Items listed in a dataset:

━━━━━━━━━━━━━━━━━━━━

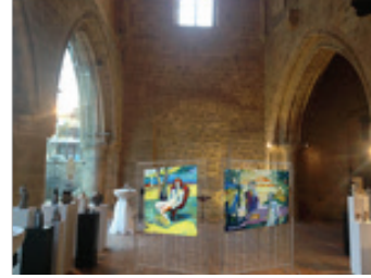
Görsel 27-28. Soldaki fotoğraf tavandan tabana şeffaf askı sistemlerinin mekanın özelliklerini saklamadan sergileme yapılmasına katkısını, sağdaki fotoğraf ise örgülü tellerden oluşturulabilecek taşınabilir sergi panosu simülasyonunu göstermektedir.

Turizm faaliyetleri ile tarihi ve kültürel miras birbiri için kaynak oluşturmaktadır (Ceylan, Somuncu, 2016, s.55). Bahse konu tarihi mekanlardaki sanat etkinliklerinin bir yıl önceden belirlenerek turizm tanıtım broşürlerinde yer verilmesi dış dünyanın ülkeye bakışını ciddi şekilde etkileyecek ve değiştirecektir. Günümüzde bu tür tarihi mekanlara eğlence sektörünün de ilgisi söz konusudur. Bu mekanların yalnızca kültür-sanat etkinliklerine ev sahipliği yapmaları eğlence sektörünün gerek yüksek volümlü ses kullanımıyla, gerekse yoğunluklu insan akışıyla yapıya vereceği zararların da önüne geçecektir.
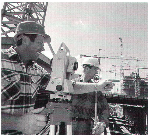
Leica TPS300 Basic Series: Konzipiert für die produktive Vermessungsarbeit auf Baustellen.

Leica Geosystems SA Rue de Lausanne 60 CH-1020 Renens Téléphone 021 / 635 35 53 Téléfax 021 / 634 91 55 http://www.leica.com
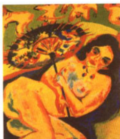
日本伞下的姑娘 / 凯尔希纳
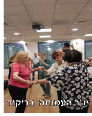
יו"ר העמותה בריקוד
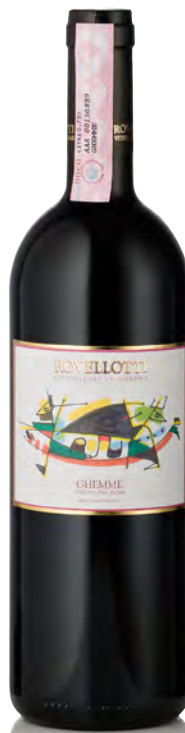
GHEMME DOCG "CHIOSO DEI POMI"

Vitigno: Vespolina Tipo di vino: rosso fermo Vinificazione e affinamento: fermentazione e affinamento in acciaio
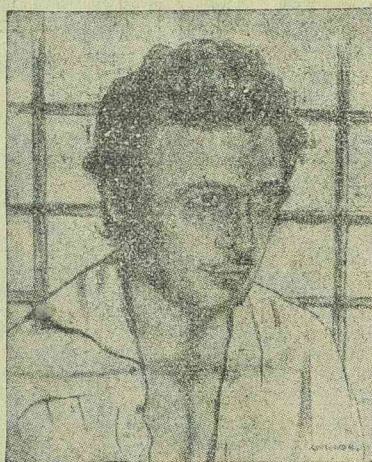
ROSSANO BRAZZI mint Cavaradossi a „Tosca” című operából készült filmben

— Örülök a kérdésnek, véletlenül kitünő példával szolgálhatok. Ott állunk a nagy feltaláló eredeti mo-torja mellett a müncheni muzeum pincéjében. És a vi-lághírű motor, melyhez egy egész élet küzdelmes munkája tapad, egyszerre csak forgásba jön, annyi év után először. A megindítást végző mérnökök az utolsó szegecsig ismerik a gépet, de üzemben még ők sem látták. Elhiszik nekem, hogy ezeknek a „szá-
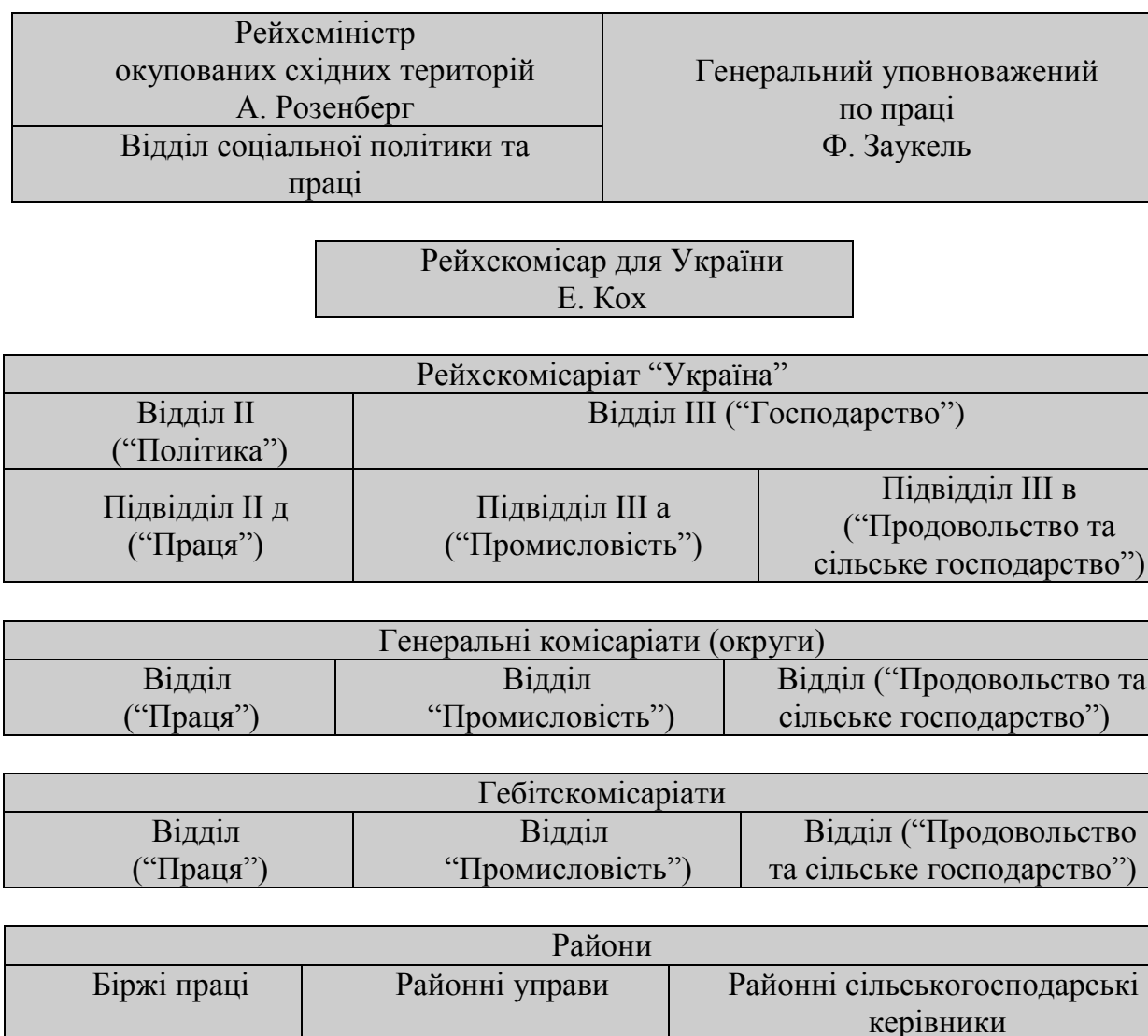
Рис. 1. Цивільні окупаційні органи управління трудовою повинністю та використанням робочої сили в рейхскомісаріаті Україна

Примітка. Схему складено автором за даними: ЦДАВО України. – Ф. 3206. – Оп. 2. – Од. зб. 25. – Арк. 6.
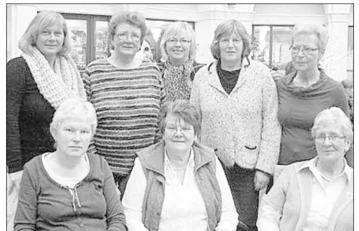
Fröhliche Runde auf dem Bremer Weihnachtsmarkt
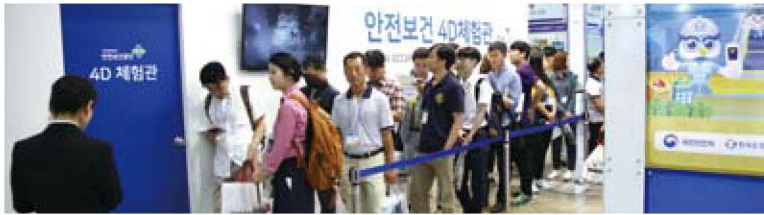
공단의 안전보건 4D체험관
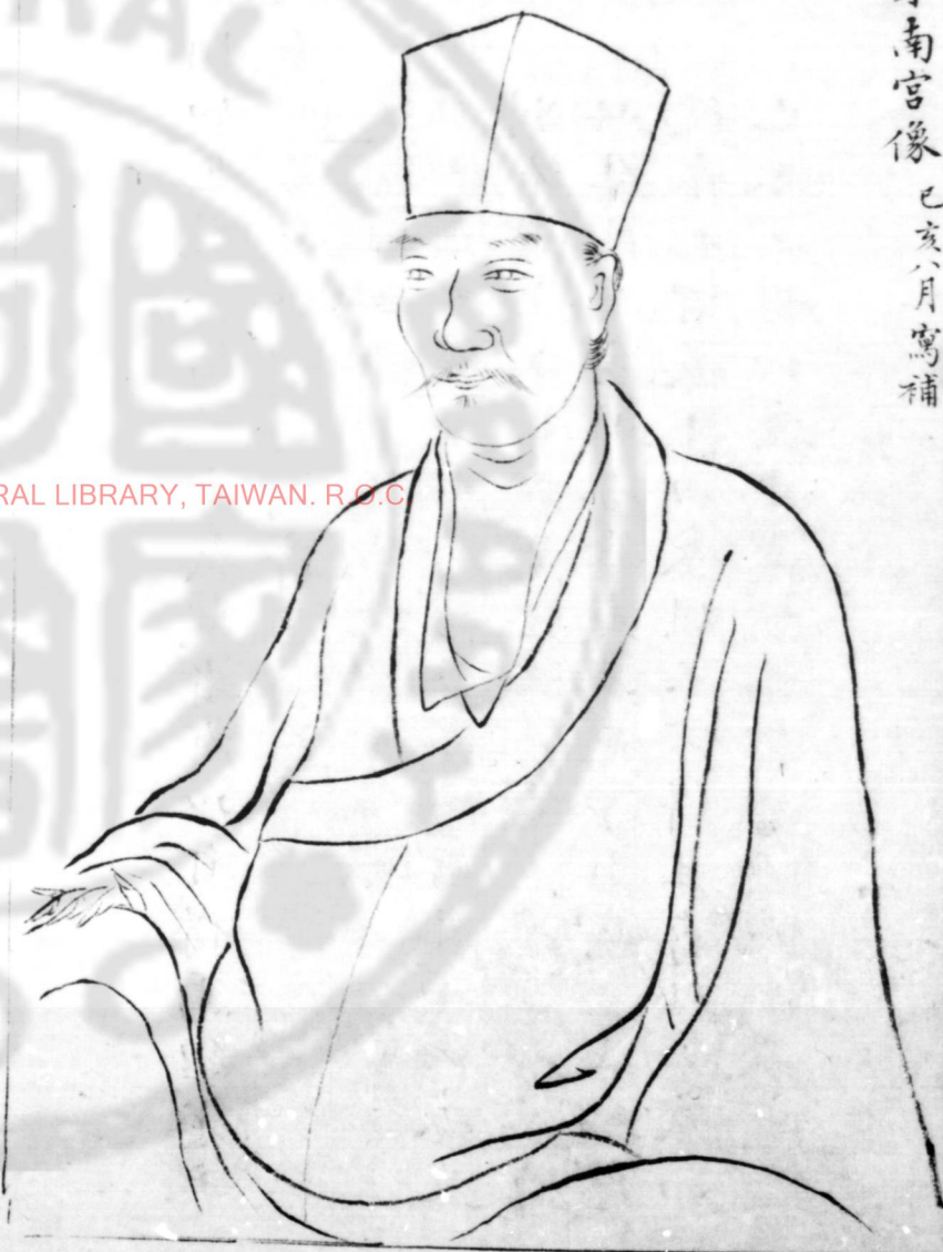
米南宮像 己亥八月寫補
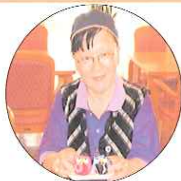
「どう？可愛いでしょう！」

同じふくろうを作っているのですが、個性豊かな表情のふくろうが出来上がりました。そして皆さん自分の“子”が一番かわいいとわが子自慢に花をさかせていました。
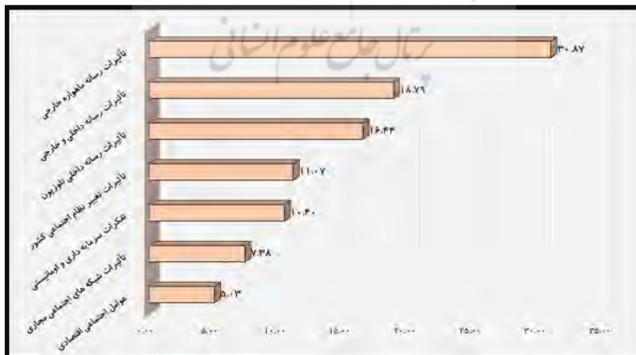
شکل ۳- نمودار اولویت‌بندی مقوله‌های انتخابی نهایی تأثیرگذار بر سبک زندگی ارزش‌های فرهنگی اجتماعی زنان (به درصد)

در ادامه به منظور نمایش واضح‌تر میزان تأثیرگذاری مقوله‌های اصلی بر ارزش‌های فرهنگی اجتماعی سبک زندگی زنان، ارقام مربوط به فراوانی به درصد تبدیل شده و در نمودار شکل ۳ نشان داده شده است.
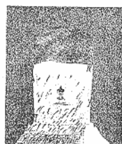
'Cartes', de Antoni Tàpies.
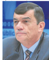
Paulo Sérgio Nogueira, ex-ministro da Defesa e ex-comandante do Exército
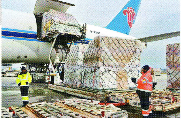
美國宣布延長對中國大陸進口產品301條款豁免期限五個月。

從這份對美加徵關稅商品第13次排除延期清單來看，附件中共有95個稅則號。包括飛機自動駕駛系統的零件、基因測序儀、潤滑油、潤滑脂、北美硬闊葉木原木、部分小蝦及對蝦種苗、潤滑油、木材、機械及醫用產品等。
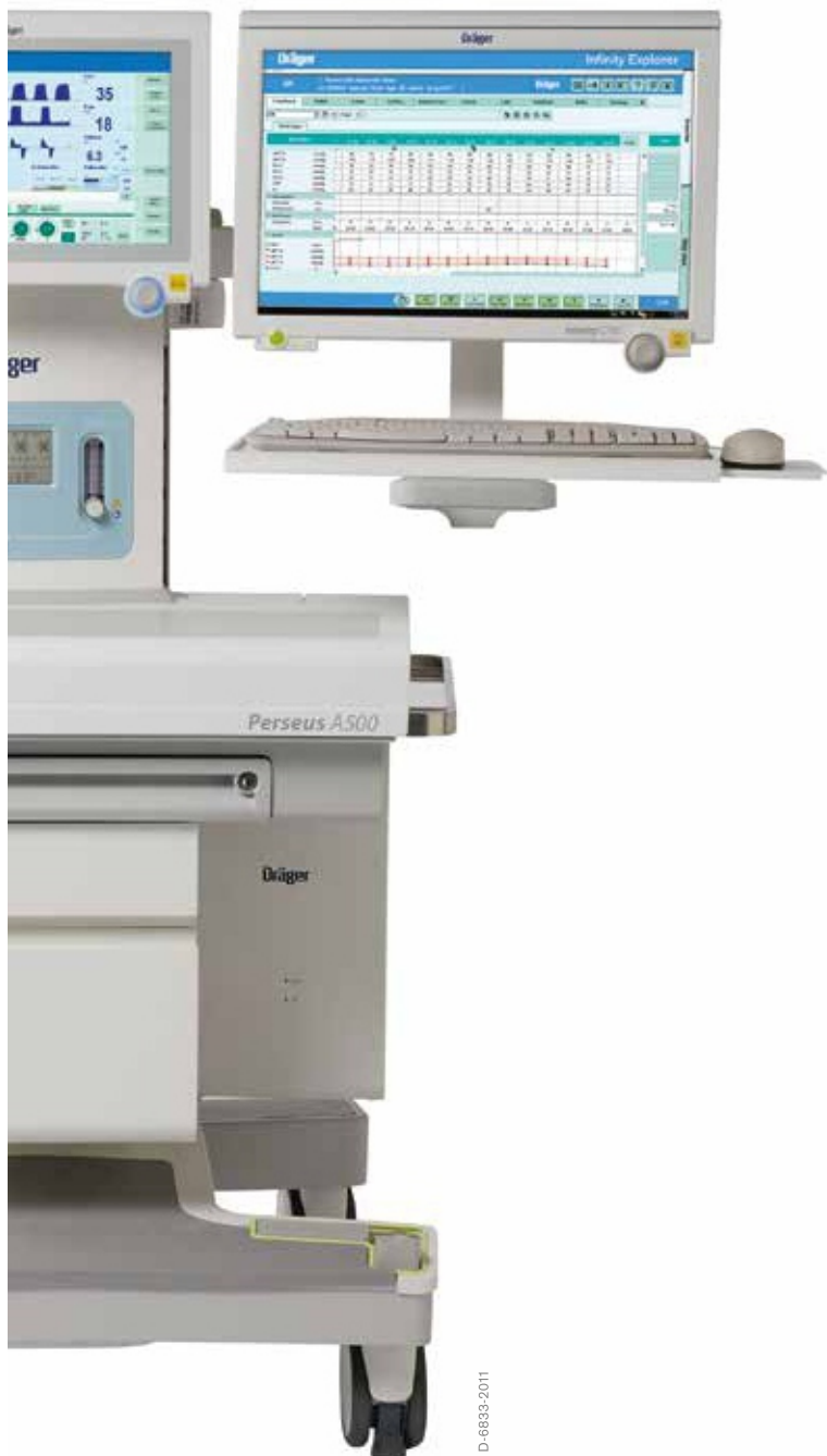
IACS с C700 для решения ИТ-задач

Различные кронштейны и направляющие для любого размещения мониторов, ИТ-оборудования, инфузионных насосов и дополнительных полок
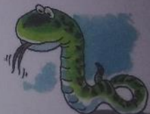
ЗМЕЯ ШИПИТ: «Ш-Ш-Ш».
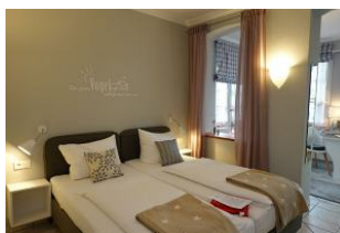
...hier dürfen Sie ausschlafen.
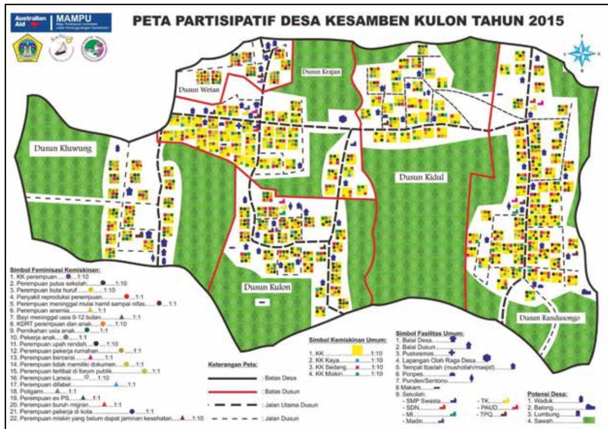
Gambar 1. Peta Partisipatif Desa yang diadopsi dalam profil desa Kesamben Kulon
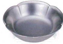
10-537-2 M-2-13 木質(大)朝顔鉢 銀透き ¥2,450 (13.4×13.4×3.7) 櫃100
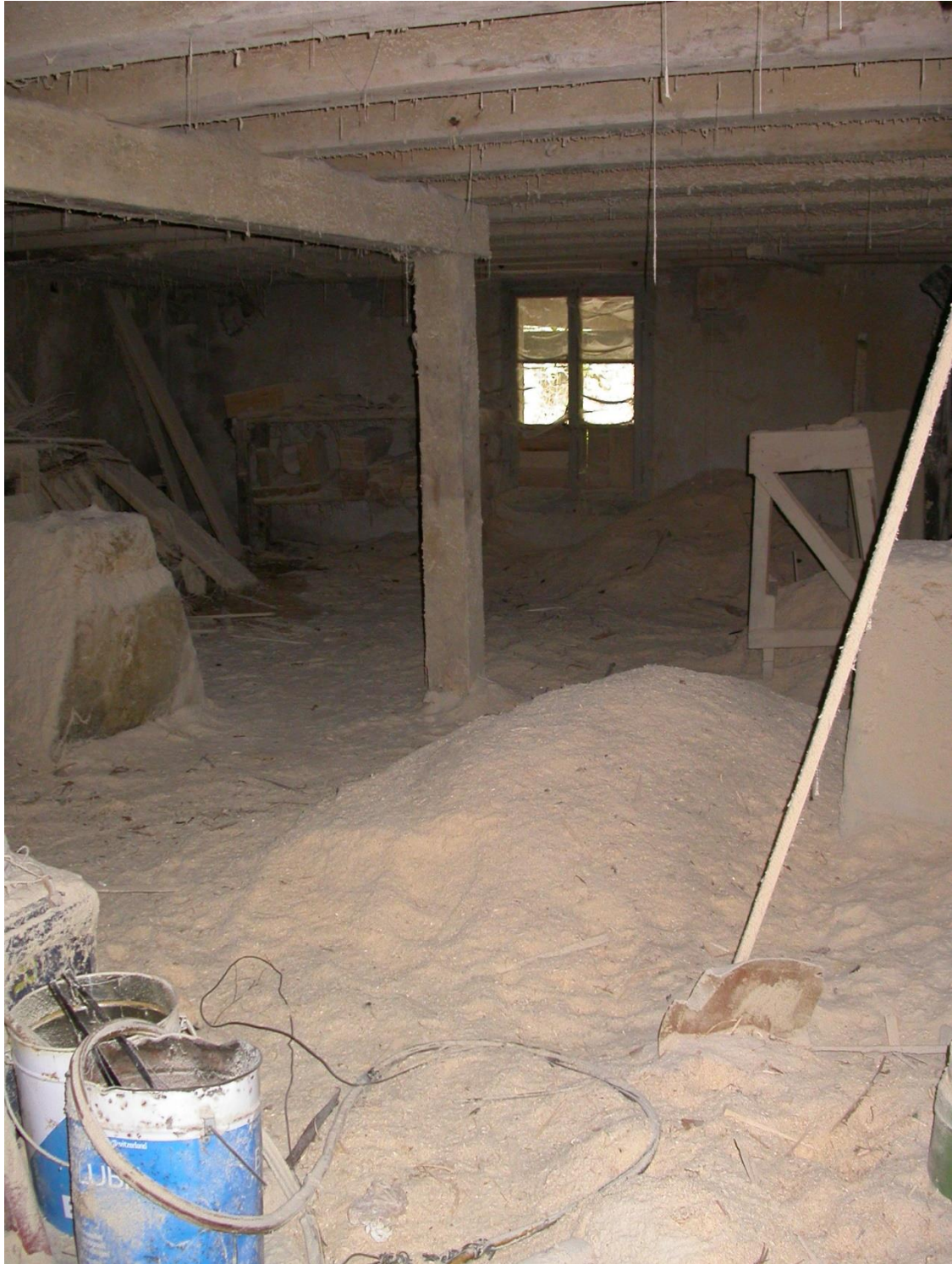
La sciure s'entasse dans les tréfonds de la scierie.
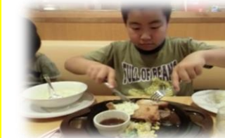
レストランでお食事♥
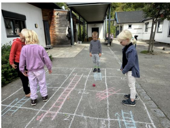
Stige spill ute

Barnas siste år i barnehagen er et ekstra spennende år. Da blir de med i skolestartergruppa, «Jupiterklubben». De fleste barna i Vingrom barnehage begynner på Vingrom skole, og vi får derfor en verdifull mulighet til å jobbe med gruppa allerede før de begynner på skolen. I Jupiterklubben jobber vi blant annet med noe som heter «skrivedans». Skrivedans er en metode som bruker musikk og bevegelser som en måte å forberede skriving på. I tillegg leker vi med farger, former, tall, øver på rim, regler, bokstaver, klipper, limer og gjør impulsive aktiviteter utfra hva barna ønsker. Kort sagt, vi leker og lærer sammen!
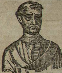
258. CLEMENTE XIII. Veneciano, llamado antes Carlos Rezzonico, obispo de Padua, introdujo en la misa el Prefacio de la Santísima Trinidad en todos los domingos que no lo tuviesen propio, renovó el título de apostólico al rey de Hungria, y concedió indulto para comer carne en dias prohibidos á los ejércitos españoles: canonizó á los santos Juan Cancio, José Calazano, José Cupertino, Gerónimo Emiliano, Serafín de Monte Granaro y Juana Francisca Fremiot: lo que ha hecho mas célebre á este gran papa, fué la firmeza apostólica con que sostuvo la causa de la Iglesia en la cuestion de los jesuitas, espulsados con la mayor iniquidad y calumniados atrozmente de los reinos de Portugal, España, Nápoles, Parma y otros y sobre todo en Francia donde la impiedad llegó á hacerla mas sacrilega calificacion del instituto de la Compañia de Jesus, aprobado por diez y nueve pontífices y proclamado piadoso por el concilio ecuménico de Trento, su famosa bula Apostolicum de 7 de Enero de 1764, sera siempre el título de mayor gloria para este gran papa, asi como el testimonio mas auténtico de la inocencia de los jesuitas, la santidad de sus constituciones, la utilidad de sus ministerios y lo fructuoso de sus servicios á la Iglesia de Dios y á todas las naciones del orbe. Murió en 2 de Febrero de 1769. Gobernó 10 años, 6 meses y 25 dias.
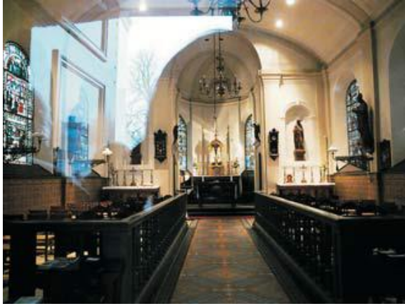
Interieur van de Sint-Catharinakerk

van de twee patroonheiligen. Ook zijn er drie ramen gewijd aan het leven van de Heilige Begga. Het levensideaal van de Het levensideaal van de begijnen was “leven in de voortdurende nabijheid van Christus”.

━━━━━━━━━━━━━━━━━━━━

**Work order:** Reproduce the lines above starting at the one with "dürfen Sie ausschlafen." and ending at the one with "Barnas siste år", both included, exactly and with no pictures.

**Response to this exercise:**
...hier dürfen Sie ausschlafen.
Gambar 1. Peta Partisipatif Desa yang diadopsi dalam profil desa Kesamben Kulon
10-537-2 M-2-13 木質(大)朝顔鉢 銀透き ¥2,450 (13.4×13.4×3.7) 櫃100
La sciure s'entasse dans les tréfonds de la scierie.
レストランでお食事♥
Stige spill ute

Barnas siste år i barnehagen er et ekstra spennende år. Da blir de med i skolestartergruppa, «Jupiterklubben». De fleste barna i Vingrom barnehage begynner på Vingrom skole, og vi får derfor en verdifull mulighet til å jobbe med gruppa allerede før de begynner på skolen. I Jupiterklubben jobber vi blant annet med noe som heter «skrivedans». Skrivedans er en metode som bruker musikk og bevegelser som en måte å forberede skriving på. I tillegg leker vi med farger, former, tall, øver på rim, regler, bokstaver, klipper, limer og gjør impulsive aktiviteter utfra hva barna ønsker. Kort sagt, vi leker og lærer sammen!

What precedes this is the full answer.